Friday, August 23, 2019

Exquisite beauty

by Anita Still from Surviving After the Loss of An Older Child

In my mind's eye, I imagined peering over God's shoulder, watching as He attached a radiant gem of vivid green (peridot is my firstborn's birthstone) to my tapestry. Curiously I wondered why the gem? After all, wasn't He attaching exquisite beauty during the greatest tragedy of my life? God looked up and our eyes met. His eyes were brimming with tears. Seeing God in tears made my eyes well up too, but I was still puzzled. Why would God be overcome with sadness while working on something so beautiful? Then it hit me. God knew my sorrow intimately, because He too had lost a son.

~She tells her son's story here~

So why the tapestry illustration? The tapestry is a poetic way for me to represent my life on earth. In my imagination, it is unfinished because my life is unfinished. God painstakingly works the fine stitches with real gold thread as He ponders the moments that have transpired in his daughter's life. Yes! I am God's daughter and so are you! (Whether one believes in Him or not doesn't change the fact that each child is either His son or daughter).

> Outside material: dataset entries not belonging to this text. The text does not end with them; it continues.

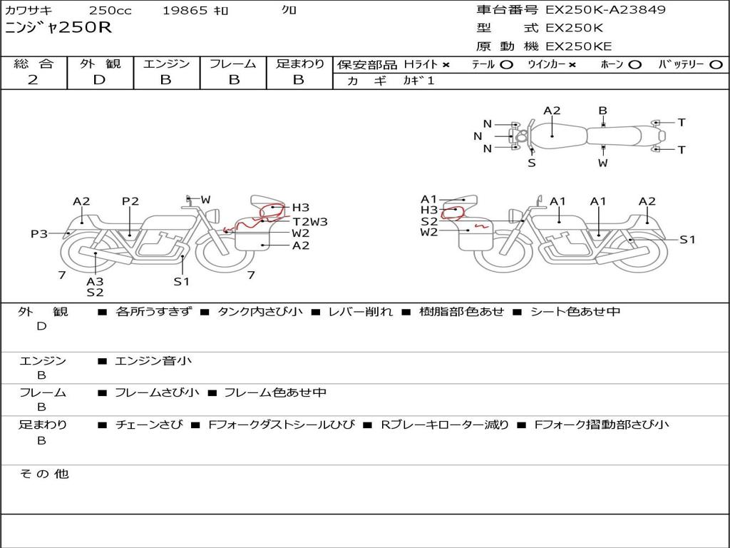 | Номер рамы / VIN | EX250K-A23849 |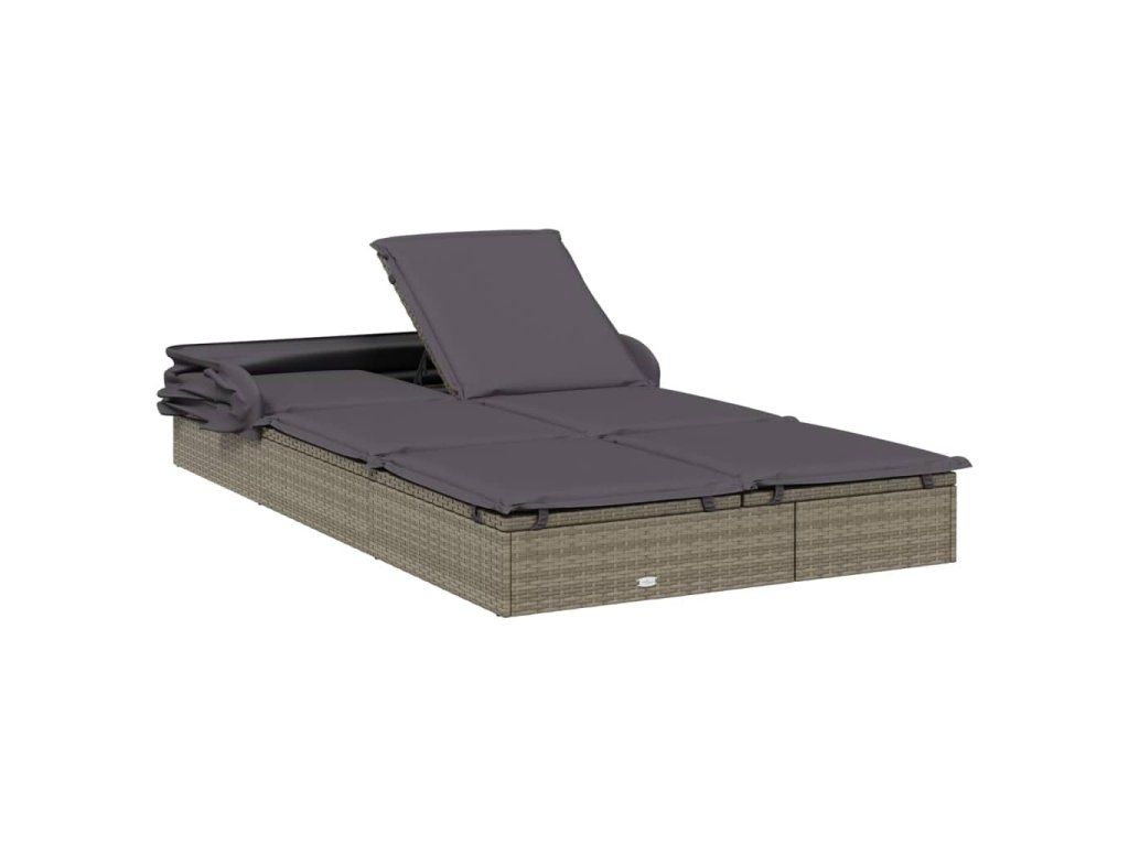 Multidom 2-miestne lehátko so strieškou sivé 213x118x97 cm polyratan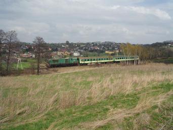 Keywords: Tourist train outside Pszow2.JPG Pszów Poland on route 192 2012-04-21 own Jan Pešula cc-zero Uploaded with UploadWizard Pszów Railway line 192 Poland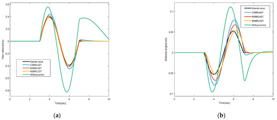 The two stability index curves under the condition of SLC are shown in Figure 6. The peak value under control is lower than without control, the changes in the curve are relatively gentle, and the changing trend is more suitable for the SLC maneuver. It shows that the proposed control strategy can improve the vehicle’s stable driving and trajectory-keeping ability. In contrast, NSMRLODT has relatively lower peak values and smaller fluctuations, showing a suitable performance, which indicates that the NSMRLODT method has an adequate control effect.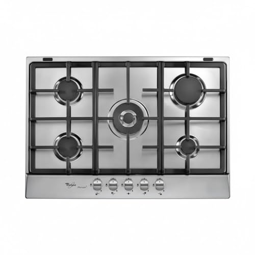 Whirlpool - موقد غاز مدمج بريميوم 75 سم، 5 شعلات، من الفولاذ المقاوم للصدأ، شبكات من الحديد المصبوب، إشعال تلقائي، طلاء ايكسيليوم، من ويرلبول، موديل AKR 348/IXL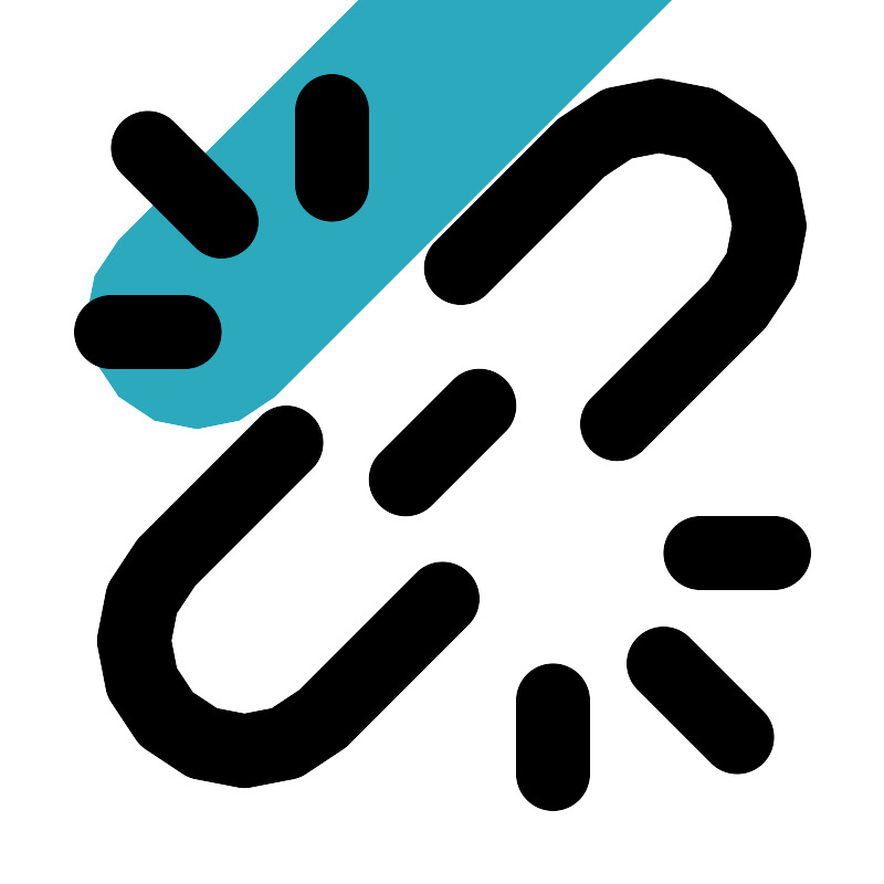<svg fill="#000000" width="800px" height="800px" viewBox="0 0 24 24" id="unlnk-alt-2" data-name="Flat Line" xmlns="http://www.w3.org/2000/svg" class="icon flat-line"><rect id="secondary" x="1.29" y="8.75" width="21.92" height="6" rx="3" transform="translate(-4.72 12.1) rotate(-45)" style="fill: rgb(44, 169, 188); stroke-width: 2;"></rect><path id="primary" d="M9,5V3M5,9H3m16,6h2m-6,4v2M4,4,6,6M20,20l-2-2m-7-5,2-2" style="fill: none; stroke: rgb(0, 0, 0); stroke-linecap: round; stroke-linejoin: round; stroke-width: 2;"></path><path id="primary-2" data-name="primary" d="M12,16.24,8.74,19.5a3,3,0,0,1-4.24,0h0a3,3,0,0,1,0-4.24L7.76,12" style="fill: none; stroke: rgb(0, 0, 0); stroke-linecap: round; stroke-linejoin: round; stroke-width: 2;"></path><path id="primary-3" data-name="primary" d="M12.5,7.26,15.76,4A3,3,0,0,1,20,4h0a3,3,0,0,1,0,4.24L16.74,11.5" style="fill: none; stroke: rgb(0, 0, 0); stroke-linecap: round; stroke-linejoin: round; stroke-width: 2;"></path></svg>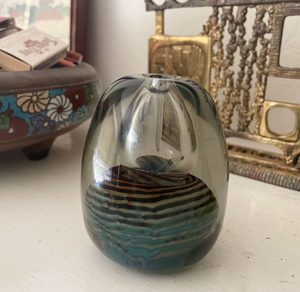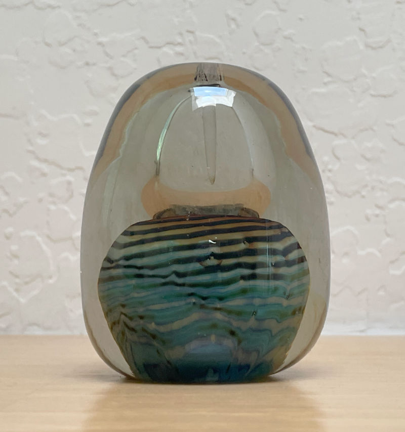 So could this paperweight be an early piece of his before he officially founded the Urrere Perkins studio? Hmmmm. Either way it’s vintage, handmade and unique. A very atypical glass paperweight for collectors.

Before gold can be used in my tapestry, it must first be melted in the fires of tragedy to remove the impurities before it is spun into fine gold thread. God adds precious gems in places where my faith has been thoroughly tested, like the terrible tragedy that took the life of my son.

What do the gems represent? Gems are formed deep in the earth where all the right combinations come together: minerals, pressure, and heat. Once cut and polished, they are a pure vision to behold. Likewise, my heart grows deeper and richer in thought and action after tested by the pressure of adversity. Just as stress is required to make gems bright and beautiful, my soul has the opportunity to be refined and purified under the stress of loss.

The knowing look in the teary eyes of God told me that He understood my sorrow. He lost His only Son to crucifixion. It must have been torture for Him to not intervene. I wondered...was it torture also for God to not intervene to save the life of my son?

It is most difficult for us to comprehend that our children are allowed to die. I don't have the infinite mind of God, but this much I understand: He did not intervene to save His own Son because Jesus was on a life-and-death mission to save Planet Earth. If God had stepped in and prevented His Son's sacrifice, that would have changed the trajectory of humanity. There would be no hope of a Grand Reunion with our children someday.

I am so relieved I have reason to hope that I will see my beloved son again. While I wait in expectation, I cling to this truth: God knows my pain for He has experienced worse. For now, this must be enough. After all, I will have all of eternity to get my questions answered. With my firstborn sitting right beside me and surrounded by my family, we will listen as God fills in the missing details of Greg's story. He will fill in the details of your story too. Can you picture it?